Your answer must be the full listing, reproduced exactly, minus any pictures.

══ PROVIDED DATA ══

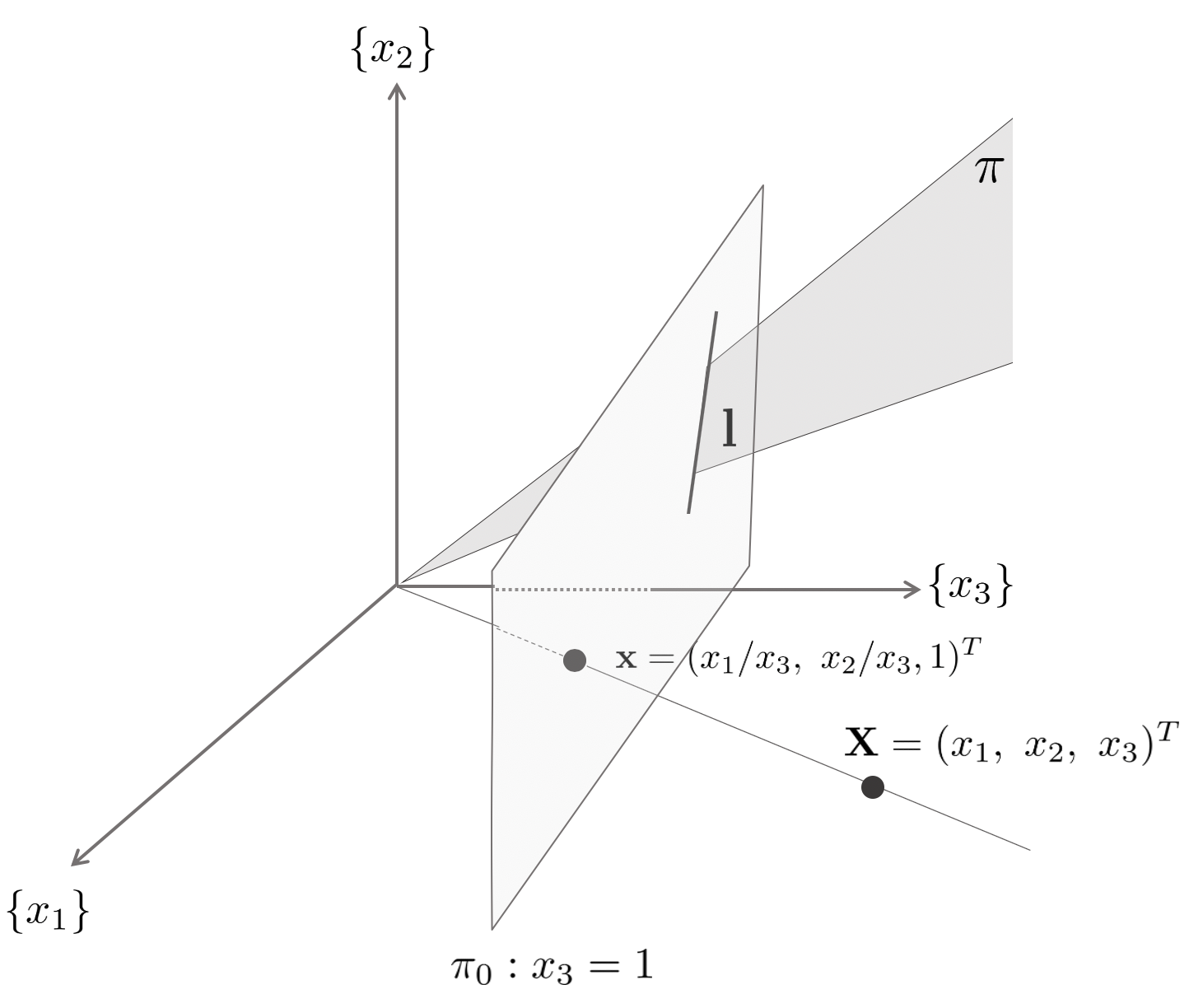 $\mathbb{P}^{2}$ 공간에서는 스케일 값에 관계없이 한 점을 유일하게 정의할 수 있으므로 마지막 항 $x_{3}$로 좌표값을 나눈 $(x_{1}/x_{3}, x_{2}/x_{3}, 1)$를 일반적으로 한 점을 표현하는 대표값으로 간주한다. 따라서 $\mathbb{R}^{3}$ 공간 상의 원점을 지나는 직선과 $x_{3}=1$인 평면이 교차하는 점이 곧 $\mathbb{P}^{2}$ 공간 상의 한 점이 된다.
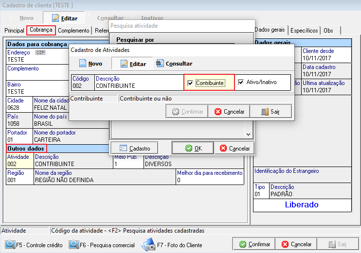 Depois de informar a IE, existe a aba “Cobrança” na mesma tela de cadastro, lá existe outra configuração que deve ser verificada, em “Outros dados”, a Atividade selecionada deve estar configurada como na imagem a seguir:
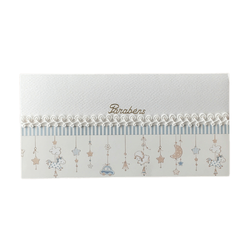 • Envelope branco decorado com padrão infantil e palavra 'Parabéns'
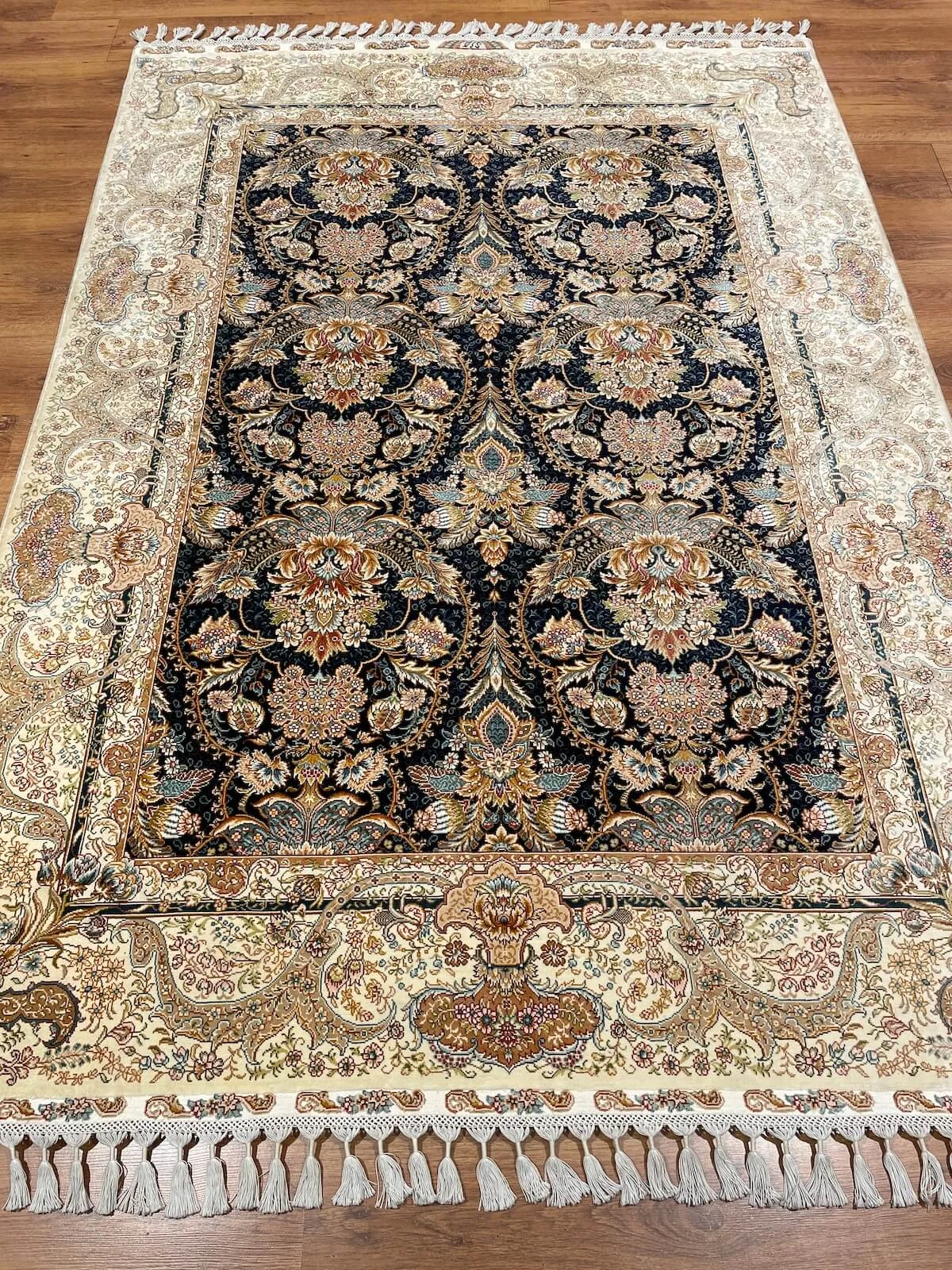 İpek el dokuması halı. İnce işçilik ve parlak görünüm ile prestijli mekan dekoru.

═══

• [EXERCISE ANSWER]
 $\mathbb{P}^{2}$ 공간에서는 스케일 값에 관계없이 한 점을 유일하게 정의할 수 있으므로 마지막 항 $x_{3}$로 좌표값을 나눈 $(x_{1}/x_{3}, x_{2}/x_{3}, 1)$를 일반적으로 한 점을 표현하는 대표값으로 간주한다. 따라서 $\mathbb{R}^{3}$ 공간 상의 원점을 지나는 직선과 $x_{3}=1$인 평면이 교차하는 점이 곧 $\mathbb{P}^{2}$ 공간 상의 한 점이 된다.
 Depois de informar a IE, existe a aba “Cobrança” na mesma tela de cadastro, lá existe outra configuração que deve ser verificada, em “Outros dados”, a Atividade selecionada deve estar configurada como na imagem a seguir:
 • Envelope branco decorado com padrão infantil e palavra 'Parabéns'
 İpek el dokuması halı. İnce işçilik ve parlak görünüm ile prestijli mekan dekoru.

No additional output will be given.